How to complete this task
With any pictures left out, restate word for word the lines in the listing below from the one holding "web, app, infographic" through the last.

Supplied data
====

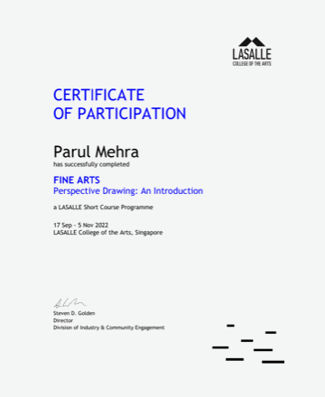 - Certificate of Participation, FINE ARTS, Mixed Media Painting: An Introduction, a LASALLE Short Course Programme, 02 OCT - 04 DEC 2021Certificate of Participation, FINE ARTS, Mixed Media Painting: An Introduction, a LASALLE Short Course Programme, 02 OCT - 04 DEC 2021
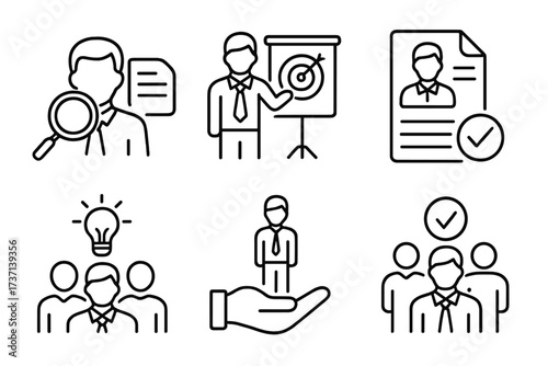 hiring, recruitment, job, work, career, business, icon, set, symbol, vector, human, resource, hr, candidate, employee, resume, interview, training, manager, employment, search, selection, approved, team, personnel, corporate, staff, agency, headhunting, goal, target, support, presentation, idea, outline, line, graphic, illustration, pictogram, signs, simple, modern, web, app, infographic
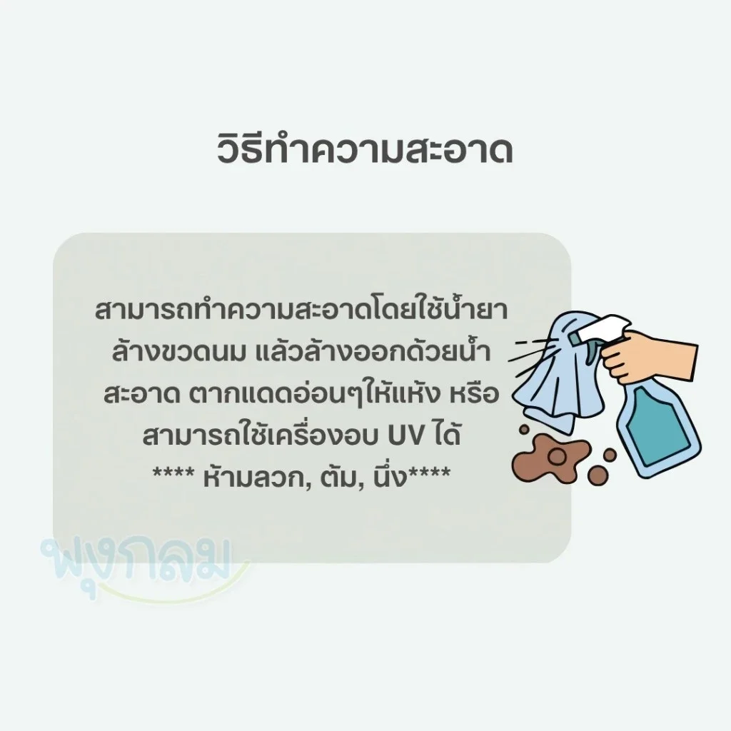 • ล้างด้วยน้ำยาล้างขวดนม แล้วล้างออกด้วยน้ำสะอาด

====

Task result
 hiring, recruitment, job, work, career, business, icon, set, symbol, vector, human, resource, hr, candidate, employee, resume, interview, training, manager, employment, search, selection, approved, team, personnel, corporate, staff, agency, headhunting, goal, target, support, presentation, idea, outline, line, graphic, illustration, pictogram, signs, simple, modern, web, app, infographic
 • ล้างด้วยน้ำยาล้างขวดนม แล้วล้างออกด้วยน้ำสะอาด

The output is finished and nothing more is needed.